Govt speeds up  payments to suppliers Minister Ncube (left), in the company of permanent secretary in his office Mr George Guvamatanga at a press briefing in Harare on Monday, said the Government is in the process of procuring a world-class computer system to enhance transparency in the public procurement system

Oliver Kazunga

Senior Business Reporter

THE Government is working on modalities to shorten the payment cycle for goods and services supplied to public entities from the current 21-30 days after submission of the invoice.

Secretary for Finance and Economic Development Mr George Guvamatanga said this while responding to questions from journalists during a press conference on value for money audits on public entity supply contracts on Monday.

He said reducing the payment cycle was imperative as the Government needed to support small and medium enterprises. Delays in settling invoices have often been cited as the reason for overpricing to hedge against inflation.

“The payment cycle for the Government is normally 21 to 30 days after submission of the invoice, (in that period) we should be able to settle and to pay.

“But it’s also a process which we are also reviewing because at the moment I have an accounting general office almost working as a payments office.

“We are actually trying to see whether we can have six payment runs per month rather than that on a daily basis we have to settle invoices. 

“So, that system is also under review and we might also just review the payment cycle so that we enable businesses to get their money from the Government on a quicker basis than what we are currently doing,” he said.

The Government is in the process of aligning the Public Finance Management System (PFMS) with a new procurement system.

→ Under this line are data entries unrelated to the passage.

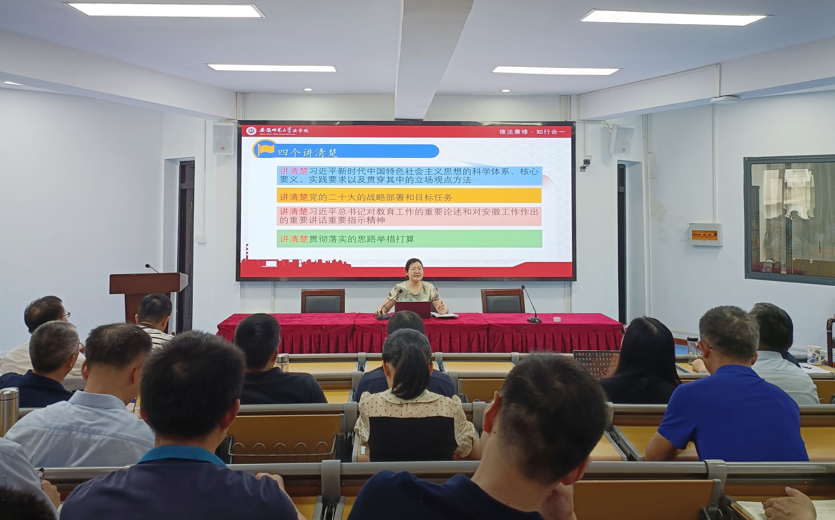 赵红采用PPT汇报方式,重点讲清楚四个部分内容,即:讲清楚习近平新时代中国特色社会主义思想的科学体系、核心要义、实践要求以及贯穿其中的立场观点方法;讲清楚党的二十大的战略部署和目标任务;讲清楚习近平总书记对教育工作的重要论述和对安徽工作作出的重要讲话重要指示精神;讲清楚贯彻落实的思路举措打算。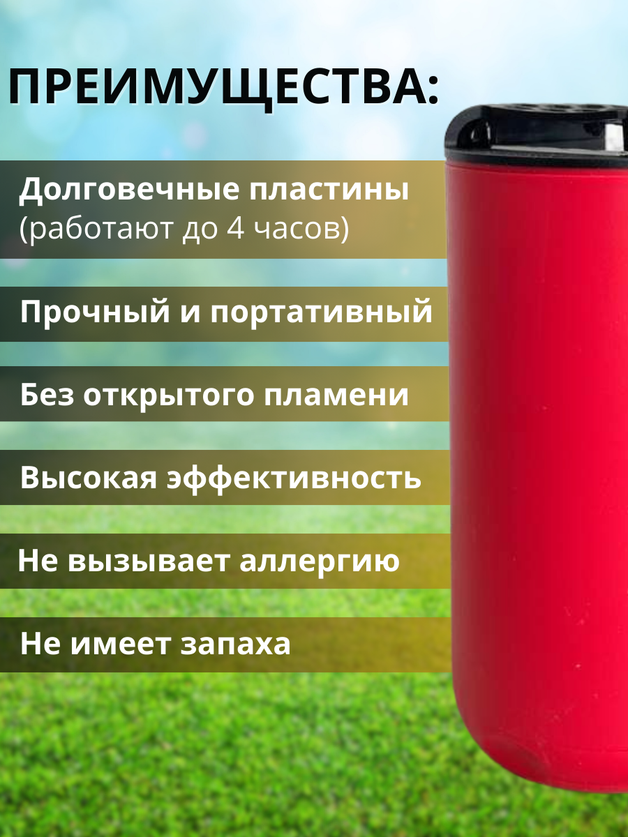 Он будет надежно отгонять назойливых комаров на веранде или пикнике, или защищать вас от укусов комаров на палубе яхты или во время патио-вечеринки. С таким прибором беспокойство от "противных" комаров отменяется!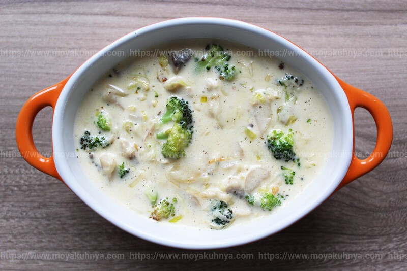 Жульен из шампиньонов и брокколи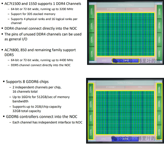 在Speedster7t上,就有300Mb的片上RAM空间,而从Virtex Ultrascale+,也仅仅是最高端的VU57P能与之抗衡,其他FPGA的RAM空间完全比不了。对于DDR Controller,更是支持DDR4/5和GDDR6,在目前的Virtex Ultrascale+的FPGA中,都没有的。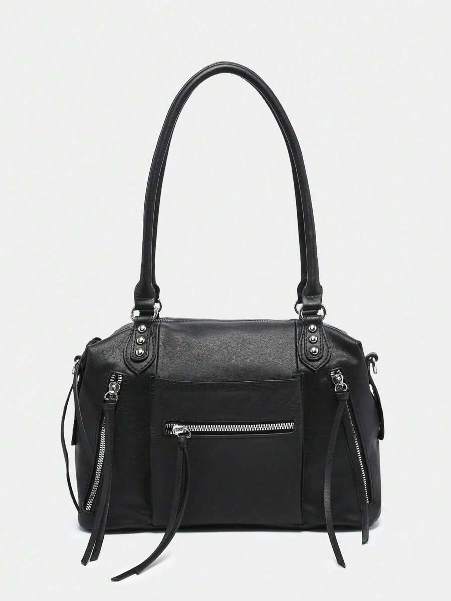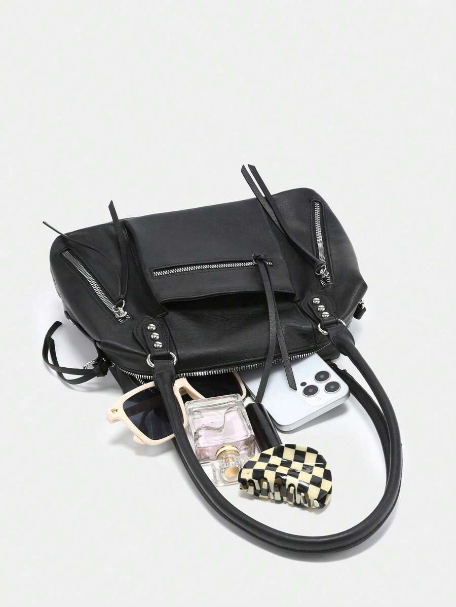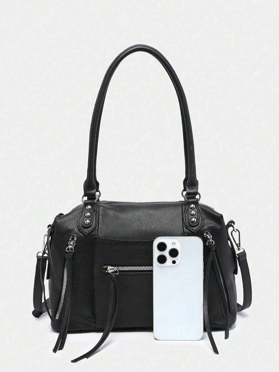 Kawaii Vintage Distressed Ombre Cross & Heart Pendant Decor Women's Bow Tied Tote Bag, Large Capacity Shoulder Bag With Multiple Pockets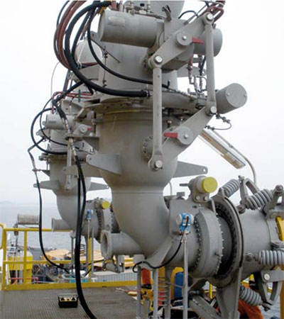 Equally suited to rigid marine arms or flexible hoses, the system is hydraulically activated and includes specially developed interlocking system. Already installed in hundreds of terminals world wide.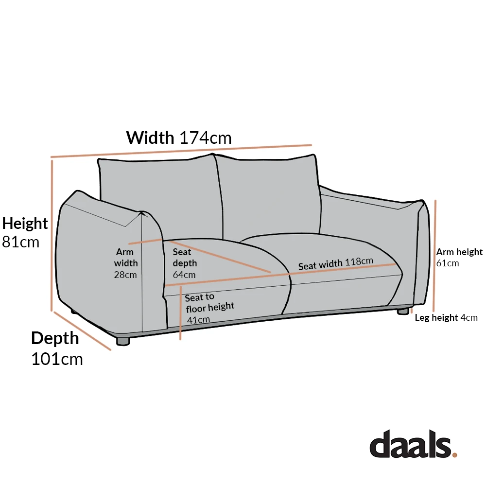 - Two seater sofa size:Â W 174Â x DÂ 101 x HÂ 81 cm.Â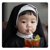 criancasucoUma criança vestida de freira bebendo um suco laranja com um canudo, com uma fatia de limão no copo.Adicionada em 15 de abril de 2026·Misto · Reaçãoengracadomemefreira
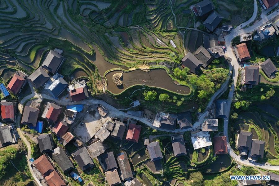 Paysage printanier du village de l'ethnie Miao de Gaoyu dans le district autonome Miao de Rongshui, dans la région autonome Zhuang du Guangxi (sud de la Chine), le 31 mars 2020. (Xinhua/Huang Xiaobang)
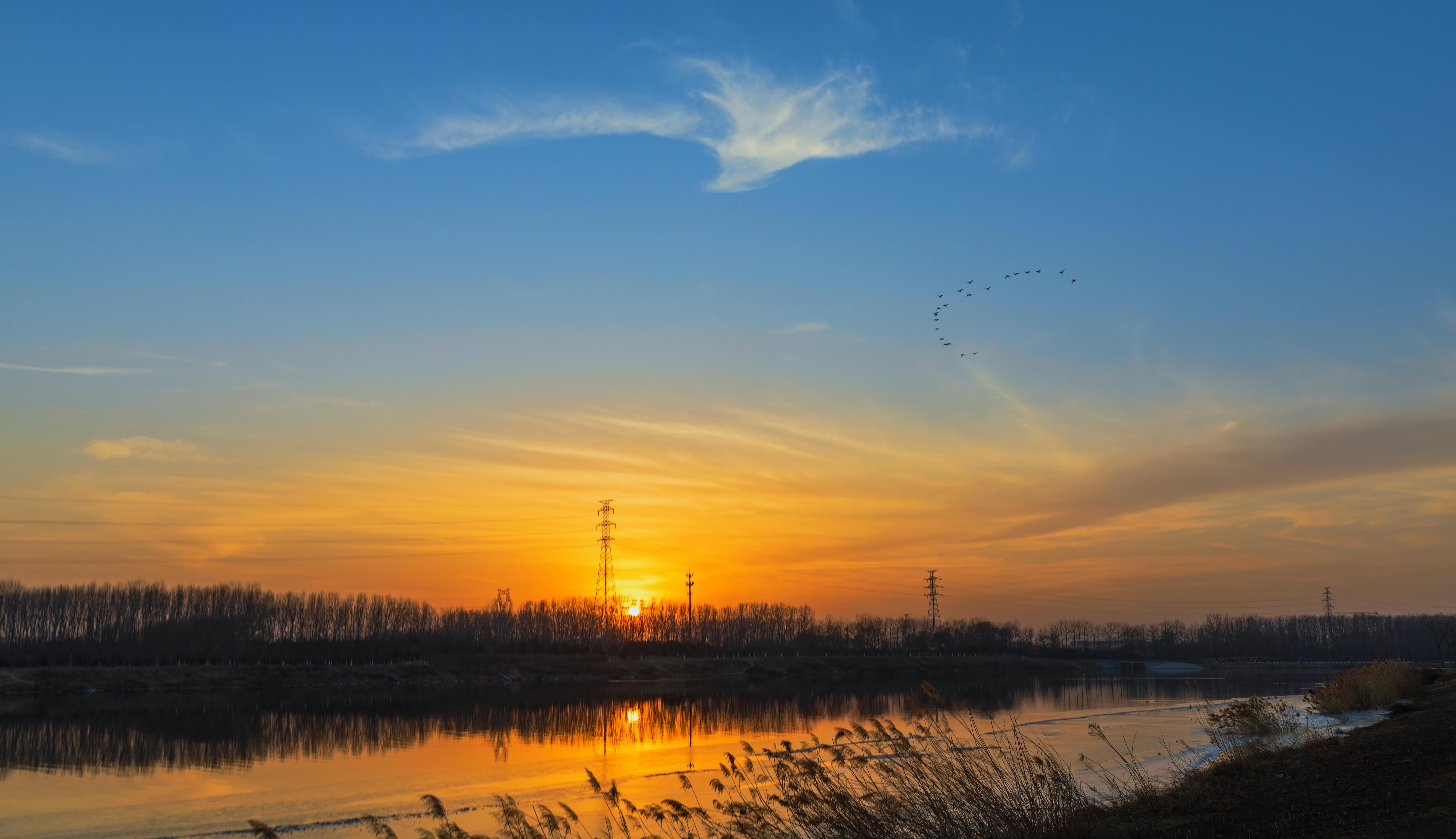 大运河畔,天空中绚丽的晚霞映照在河面上,如同一幅油画。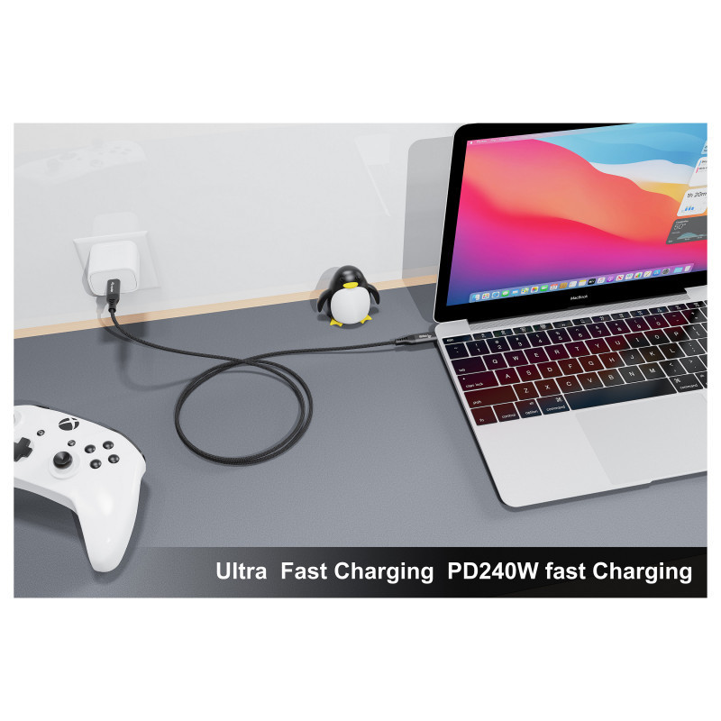 Equipped with an integrated E-marker chipset and Power Delivery 3.1 support, the cable delivers up to 240W (48V/5A), making it suitable for power-hungry laptops and professional workstations. Premium braided cotton mesh, double shielding, and an aluminum housing ensure stable performance, signal integrity, and long-term durability."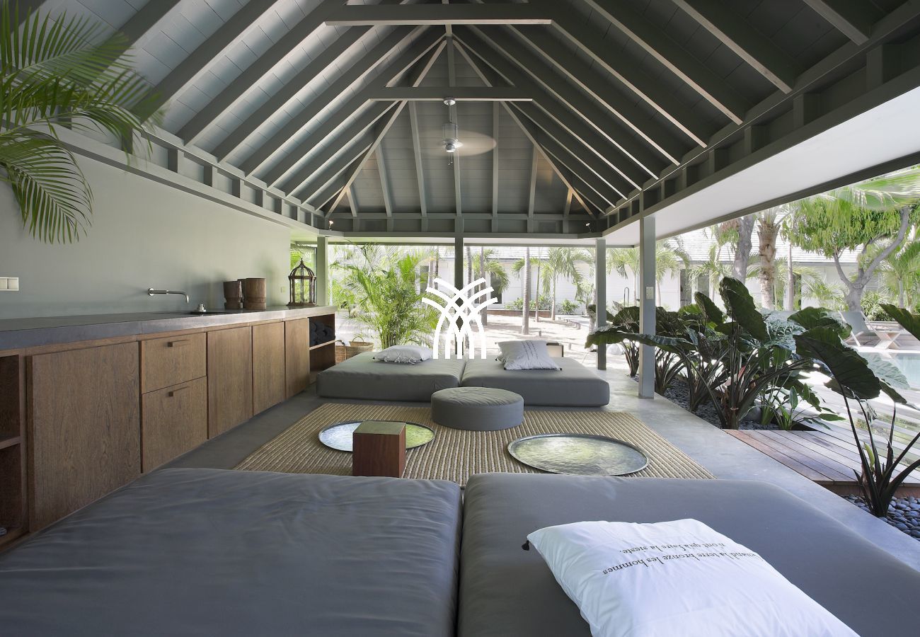 La terrasse centrale avec sa piscine à débordement est le cœur vivant de la villa, offrant un panorama époustouflant sur l’océan et les collines environnantes. Les espaces lounge, les transats et les zones ombragées créent une atmosphère parfaite pour se détendre ou organiser des moments conviviaux.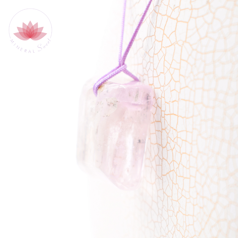 Kunzita pulida de AFganistán en colgante, con un cordón en color lila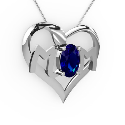 Lab safir 14 ayar beyaz altın kolye (40 cm beyaz altın rolo zincir)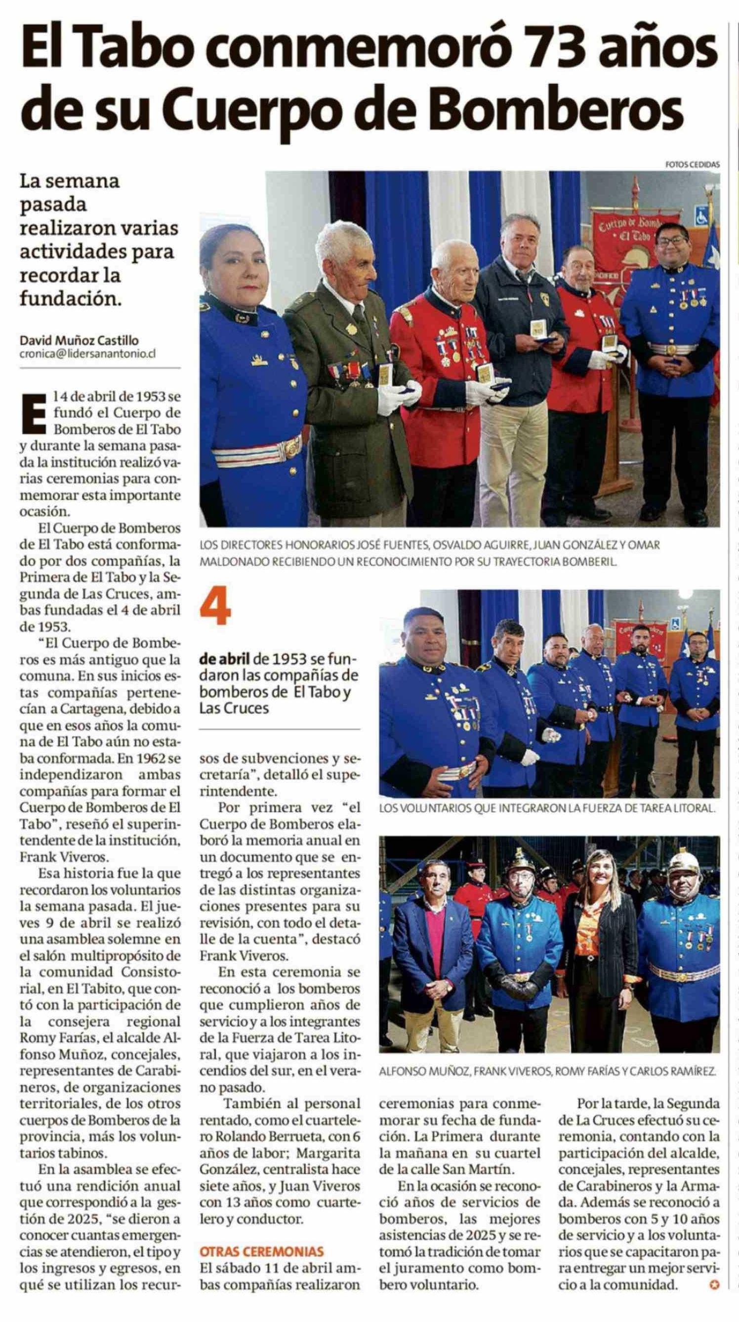 El Tabo conmemoró 73 años de su Cuerpo de Bomberos

“Once the new procurement system, which will align with PFMS system that we are running, then we expect that we can be more efficient because things are then automatically and electronically loaded once an order has been confirmed by a Government ministry and the payment process then immediately starts from there, and we should be able then to shorten the payment cycle,” he said.

“It’s important for us to shorten the payment system given that most of the suppliers to Government are Small to Medium Enterprises whom as Government we want to support.

“But I think for us to continue to support them it’s important that they also understand that they now have to rely on normal business margins to survive, not on the pricing models that we have been witnessing in the market.”

Suppliers have been using forward pricing models and benchmarking prices to front load parallel market exchange rates leading to extortionist pricing of goods and services supplied to ministries, departments and agencies (MDAs), which was not anchored on economic fundamentals. Speaking during the same occasion Finance and Economic Development Minister Professor Mthuli Ncube said the Government was in the process of procuring a world class computer system to enhance transparency in the public procurement system.

“We are in the process of procuring a world class computer system, where things can be uploaded, we can check against recommended price list while we will upload on the system to make sure that again procurement agencies across all our MDAs are properly guided and are not going to deviate and start pricing things well away from the official exchange rate.

“The system is critical for us to implement and enforce the value for money process going forward,” he said.

Prof Ncube said MDAs through the various procurement management units, have not been exercising due diligence, especially regarding the value for money process in terms of pricing.

“They have merely been following procurement rules without due regard to established value for money practices already enshrined in the Procurement laws of the country.

“Tenders have been awarded without due regard to price checks on the basis that prices have passed a competitive bidding process.

“The combined effect of the above behaviours has resulted in the rapid erosion of budgeted resources and hence the need for the Government to come up with a raft of measures to deal with the menace,” he said.

As a result, Prof Ncube said the value for money process the Government was implementing would result in punitive measures being taken against public sector officials found to be complicit to overpricing and procurement malpractices. Suppliers who continue to defy the new rules on fair pricing, he said, will be blacklisted and excluded from future supply contracts.

 “In light of the above Government started enforcing measures to enhance economic stability by suspending all inflated payments and ordering an audit exercise to revalidate all running contracts and renegotiate prices with various suppliers,” said Prof Ncube.

In an interview, Harare-based economist Ms Chipo Warikandwa said the move by the Government was necessary and long overdue.

“We applaud the move that the Government has taken in a bid to further tighten screws and close any loopholes that uncouth individuals and corporates have been using to destabilise the macro-economic stability authorities have been ensuing,” she said.